Economic globalization has resulted in more regular exchanges between countries around the world today. The fact that English is an Esperanto has also sparked a lot of interest in learning English. People from non-native nations are increasingly keen to enhance their English abilities; in addition to understanding the necessary vocabulary and grammar, improving oral expression ability is also critical. As a result, in non-native countries, the methods of English education and learning have become a hot topic of discussion and research [7]. Oral English training is a crucial component of English instruction. It is difficult for teachers to provide one-on-one oral English instruction due to the large number of students in traditional classroom teaching. After class and examination, oral test questions have become an important link for students to assess their spoken English proficiency [8]. Fortunately, advances in voice processing technologies have made learning English easier and faster. In the realm of voice signal processing, the use of speech technology in language acquisition has become a major trend [9]. It is necessary to develop a system that can assist teachers in intelligently correcting subjective questions in language teaching in order to save time for teachers, save human and material resources for schools, and complete the correction requirements more accurately in order to save time for teachers, save human and material resources for schools, and complete the correction requirements more accurately [10]. Oral Q&A questions can be scored in two ways: from the perspective of pronunciation, and from the perspective of text. Acoustic variables like as pronunciation, frequency, and rhythm are typically used in pure speech scoring [11].
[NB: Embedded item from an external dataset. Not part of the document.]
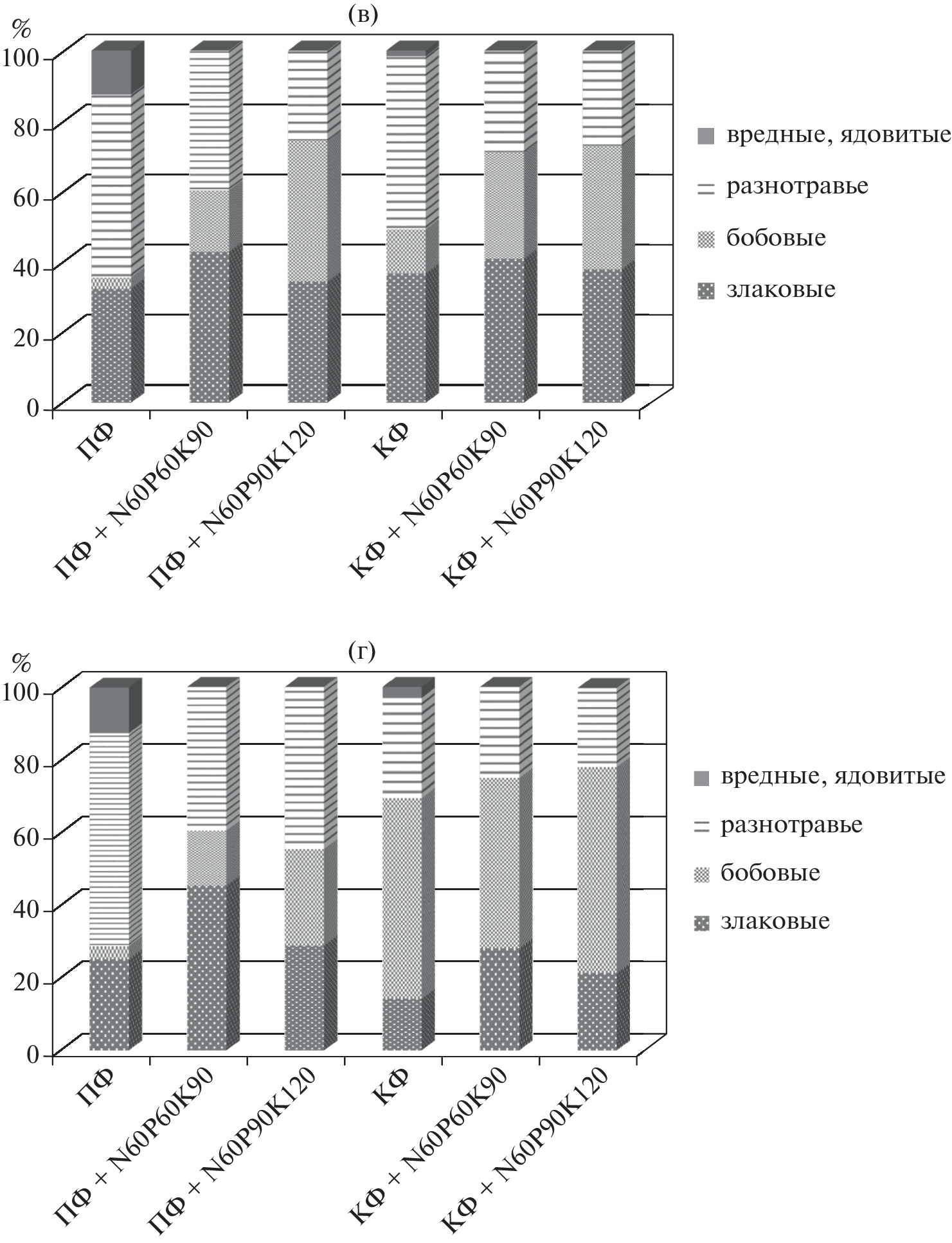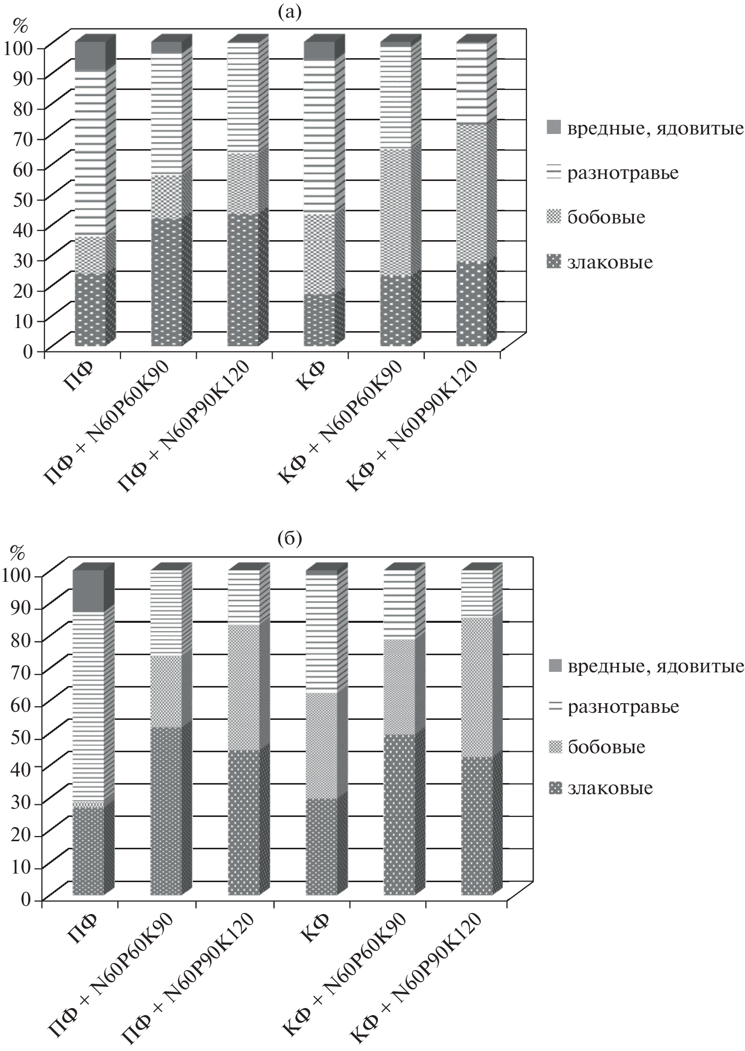 Приведены результаты 5-летнего исследования изменения ботанического состава сеяных и природных травостоев, свойств почвы в зависимости от примененных агроприемов, которые включали прямой сев трав в дернину выработанного торфяника и применение минеральных удобрений. Внесение минеральных удобрений способствовало обогащению почвы доступными питательными веществами, что позволило повысить продуктивность трав в сочетании с подсевом в 2.0–4.7 раза, улучшить их качество за счет оптимизации ботанического состава травостоя. Установлено, что применение минеральных удобрений в дозах N60Р60K90 и N60Р90K120 в вариантах с природным и культурным фитоценозами обеспечивало увеличение доли ценных бобовых и злаковых трав, снижая долю разнотравья с 53 до 25–34%.

There are two factors to evaluating the level of spoken English in the CALL system based on speech technology. The core method entails identifying phoneme and word faults in learners’ spoken language and providing appropriate feedback and solutions. Prosody judgment in spoken language is another factor to consider. For English learners, the latter is more challenging than the former [12]. It is now possible to obtain multidimensional automatic scoring for the open-ended oral language inquiry investigated in this research [13] because to advancements in speech recognition and artificial intelligence technology. This work will combine these mature new technologies with conventional automatic scoring-related technologies, with the goal of using text data after voice recognition as the research object and employing the multifeature fusion method to create a multifeature intelligent correction model. Make intelligent corrections from a variety of perspectives. Artificial intelligence can be used to grade oral expression questions, which appear to have no particular criteria and rely on teachers’ subjective judgments. This is important for college English skill training guidance and correction [14]. The examinee’s voice is used to do text recognition, with similarity and syntactic features taken from the text and phonetic features extracted from the speech. The automatic correction technology for closed-type oral exam questions cannot be directly transferred to open-type oral test questions due to the distinct principles of correction technology [15]. Because the traditional closed-type question type relies on known text to score speech, while open-type questions have nonunique responses, new text-independent technology is needed to overcome the challenge of open-type oral exam scoring [16]. Speech recognition technology has provided a solution for automatic scoring of large-scale Chinese-English oral translations. The automatic scoring approach not only ensures the correctness of Chinese-English oral translation scoring results, but it also considerably improves scoring efficiency and saves a lot of human, material, and financial resources.

Document [17] examines the automatic correction of spoken language using an automatic composition correction system, and claims that it is possible to correct spoken language using speech recognition technology and a composition correction system. However, the spoken language correction approach suggested in this study has limits, and its scoring dimension is limited, therefore it does not allow for the evaluation of the pronunciation itself. Literature [18] pointed out that in the research of early stress recognition, the recognition system usually extracts some traditional phonetic features, such as sound length, energy, fundamental frequency, etc., and establishes a phonetic model by training linear discriminant function to recognize stressed syllables. Literature [19] puts forward that the functions of intelligent tutor system include building learning environment, communicating with students’ emotions, and learning with students. Although the design of intelligent tutor system is called “intelligent” tutor system for evaluating students, it is not smart enough, and it still manages student information and arranges courses according to established rules, which canno’t really replace tutors, and has certain limitations. Literature [20] lists the challenges faced by the modeling of simulated human scoring from the process and result levels, and points out that it is impossible to model the evaluation process comprehensively in the field of speech features and speech recognition at present. Literature [21] puts forward that under the dual influence of the abnormal needs of oral English learning and the development requirements of human computer interaction, the pronunciation evaluation system based on language lab recognition technology came into being. It fully integrates the two technologies of CALL and speech recognition to become a more intelligent English learning system, providing learners with opportunities for human computer interaction, and giving a lot of information feedback, completely changing the traditional English learning mode from “teacher teaching” to “student self-learning.”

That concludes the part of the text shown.